Responses to increased intracellular Ca 2+ are often mediated by the Ca 2+ -binding protein
calmodulin (CaM). The actions of CaM are mediated by its association with specific target
proteins, some of which are known as CaM-binding proteins, which include kinases such
as CaM kinases (CaMKs) and hemeproteins such as the nitric-oxide synthases (NOSs).
We are interested in calcium signal transduction pathways in the mammalian neural
system, with a particular focus on CaM kinases and neuronal NOS (nNOS).

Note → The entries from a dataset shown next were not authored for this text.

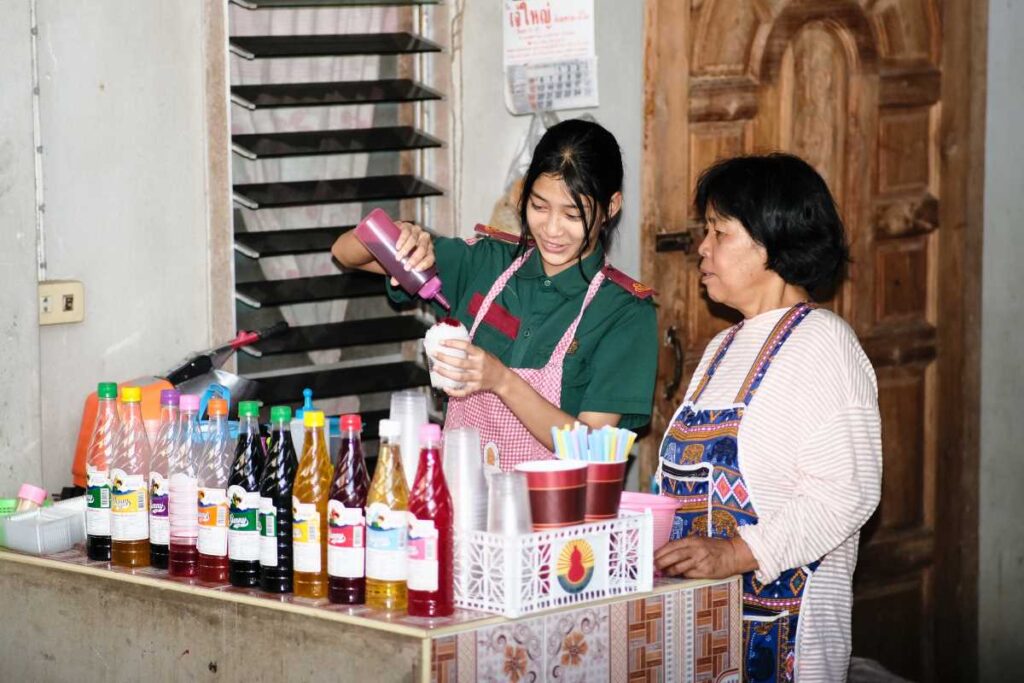 “หนูจะทำขนมในวันเสาร์ค่ะ ส่วนหนึ่งจะแบ่งไว้ขายพร้อมกับย่าในหมู่บ้าน และอีกส่วนจะเก็บไว้ขายให้เพื่อนที่โรงเรียน ซึ่งทำแต่ละครั้งหนูจะขายได้ประมาณครั้งละ 200-300 บาท หักทุนแล้วหนูก็พอมีเงินเก็บไว้ไปโรงเรียน ทุกวันนี้หนูใช้เงินจากการขายขนมเพื่อเป็นค่าอาหารกลางวันที่โรงเรียนค่ะ ช่วยแบ่งเบาภาระของย่าได้เยอะเลยค่ะ” น้องมะนาว กล่าวอย่างภูมิใจ
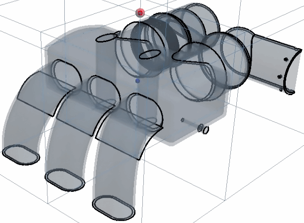 在定位点面板中,将当前点设为源点,然后使用图形窗口中的点工具将源点(小蓝球)定位在歧管体的中间(大致坐标为 X=0、Y=0.12 和 Z=-0.01)。
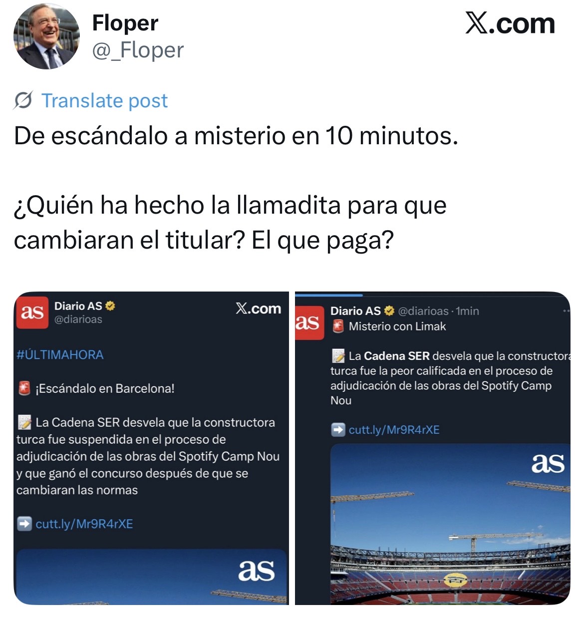 “Escándalo”, posteaba con toda la razón el responsable de redes de As, a cuenta del  BarçaLimakGate. De manera intrigante, al cabo de pocos minutos, el post desparecía para ser sustituido por este otro.
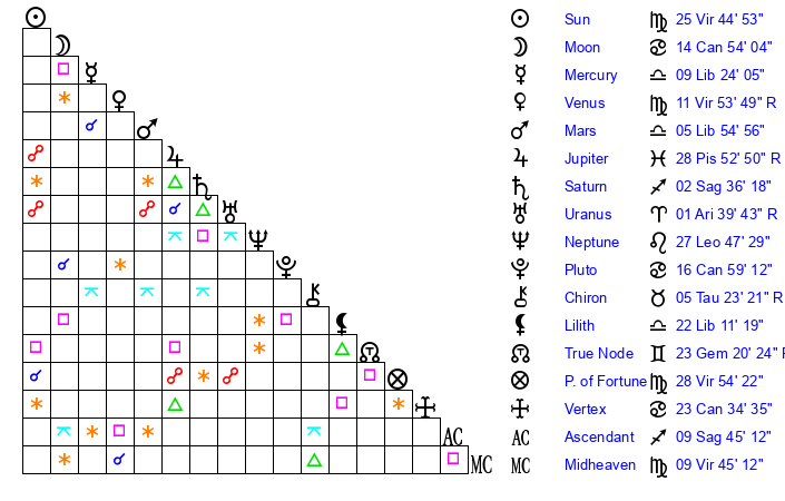 | Moon | 14 Cancer 51 | 2 Virgo 17 | 3 Aquarius 54 |
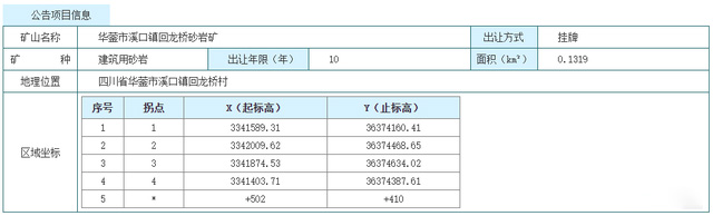 項(xiàng)目名稱為華鎣市溪口鎮(zhèn)回龍橋砂巖礦,礦區(qū)位于四川省華鎣市溪口鎮(zhèn)回龍橋村,礦區(qū)面積0.1319平方千米,資源儲(chǔ)量1005萬(wàn)噸。
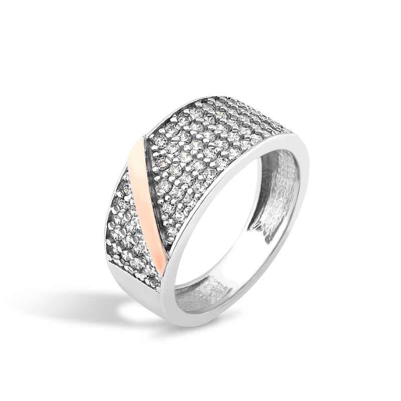 Pierścionek wykonany jest ze srebra rodowanego, płytki złota w próbie 375 oraz białych cyrkonii.

Co- and post-translational protein modifications increase the diversity of protein structure
and function. We focus on the regulatory mechanism of CaM kinases and nNOS via their
modifications such as phosphorylation, S-nitrosylation, S-glutathionylation, and S-
polythiolation using protein chemistry, molecular biology, and cellular imaging approaches.
- We reported that cysteine hydropersulfide (CysSSH) was generated by cystathionine γ-lyase (CSE) and cystathionine beta-synthase (CBS), which in turn may contribute to other CysSSH derivatives of peptides/proteins (termed reactive sulfur species: RSS), involving in their catalytic activities. We focus on defining the molecular mechanism of RSS-induced regulation of CaM-kinases in cells.
- We investigate post translational modification of CBS and CSE such asphosphorylation and redox modifications.
- NO is a signaling molecule involved in many physiological and pathological processes. NO signals by activating guanylate cyclase and by S-nitrosylation of many target proteins. We reported that nNOS expression promotes nicotine-induced Ca 2+ influx in cells. We investigate the mechanism of enhancement of Ca 2+ influx in nNOS expressing cells.
- Peripheral neuropathy is a common adverse effect of anticancer drugs. It results in patient suffering and also limits the treatment with potentially useful anticancer drugs.Although many researchers have studied anticancer drug-induced peripheral neuropathy, effective clinical preventive and treatment strategies have not been established. The mechanism is not well understood. We are trying to elucidate the molecular mechanism of peripheral neuropathy induced paclitaxel and oxaliplatin.